3 minute read

Patients' Rights

Right To Die



A number of cases have addressed the right to refuse life-sustaining medical treatment. Broadly speaking, under certain circumstances a person may have a right to refuse life-sustaining medical treatment or to have life-sustaining treatment withdrawn. On the one side in these cases is the patient's interest in autonomy, privacy, and bodily integrity. This side must be balanced against the state's traditional interests in the preservation of life, prevention of suicide, protection of dependents, and the protection of the integrity of the medical profession.



In IN RE QUINLAN, 355 A.2d 647 (1976), the New Jersey Supreme Court permitted withdrawal of life-support measures for a woman in a persistent vegetative state, although her condition was stable and her life expectancy stretched years into the future. Many of the emotional issues the country struggles with in the early 2000s were either a direct result of or were influenced by this case, including living wills and other advance medical directives, the right to refuse unwanted treatment, and physician-assisted suicide.
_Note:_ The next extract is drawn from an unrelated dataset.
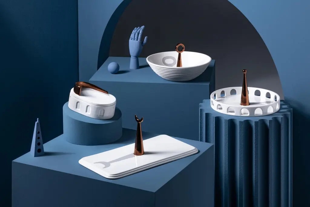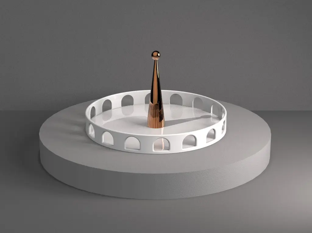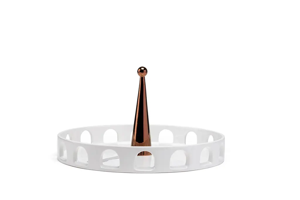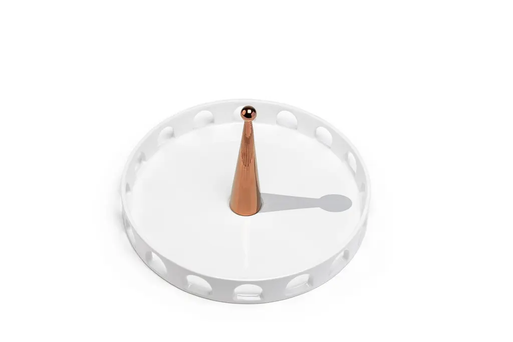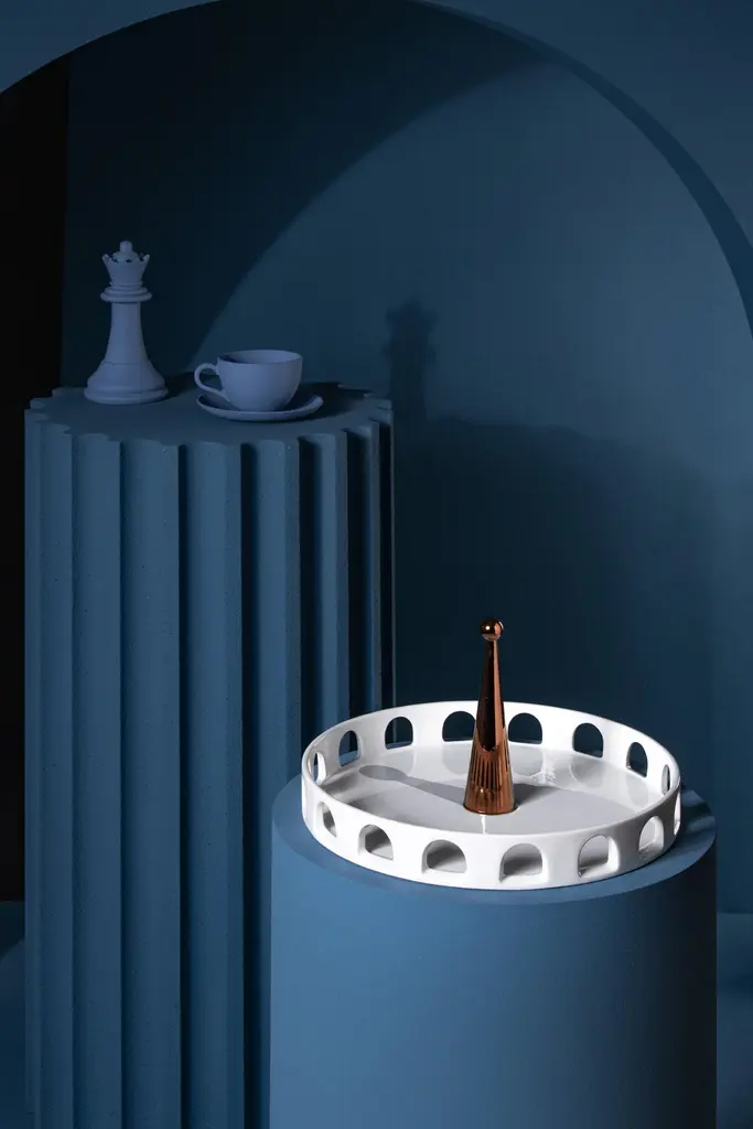 The tray 06:45 of the 'Meridiane' collection recalls typical shapes of Classic Italian architecture. The white ceramic arena is the background for an obelisk painted in copper that casts its shadow which is painted on the horizontal surface.This piece is entirely crafted by hand in Italy by the best artisans. The natural, living material of which the tray is made of changes as it is being worked to give rise to those tiny irregularities that are the unmistakable mark of a product of highly skilled Italian craftsmanship.Its function can be to carry cups, glasses or drinks. is ideal as an accessory to be displayed on a coffee table, alone or together with other objects from the same collection.

The first U.S. Supreme Court decision addressing the difficult question regarding the removal of life support was Cruzan v. Director, Missouri Department of Health, 497 U.S. 261, 110 S. Ct. 2841, 111 L. Ed. 2d 224 (1990). Cruzan involved a young woman rendered permanently comatose after a car accident. Her parents petitioned to have her feeding tube removed. The Supreme Court ruled that the evidence needed to be clear and convincing that the young woman had explicitly authorized the termination of treatment prior to becoming incompetent. The Court ruled that the evidence had not been clear and convincing, but upon remand to the state court the family presented new testimony that was deemed clear and convincing. The young woman died 12 days after her feeding tube was removed.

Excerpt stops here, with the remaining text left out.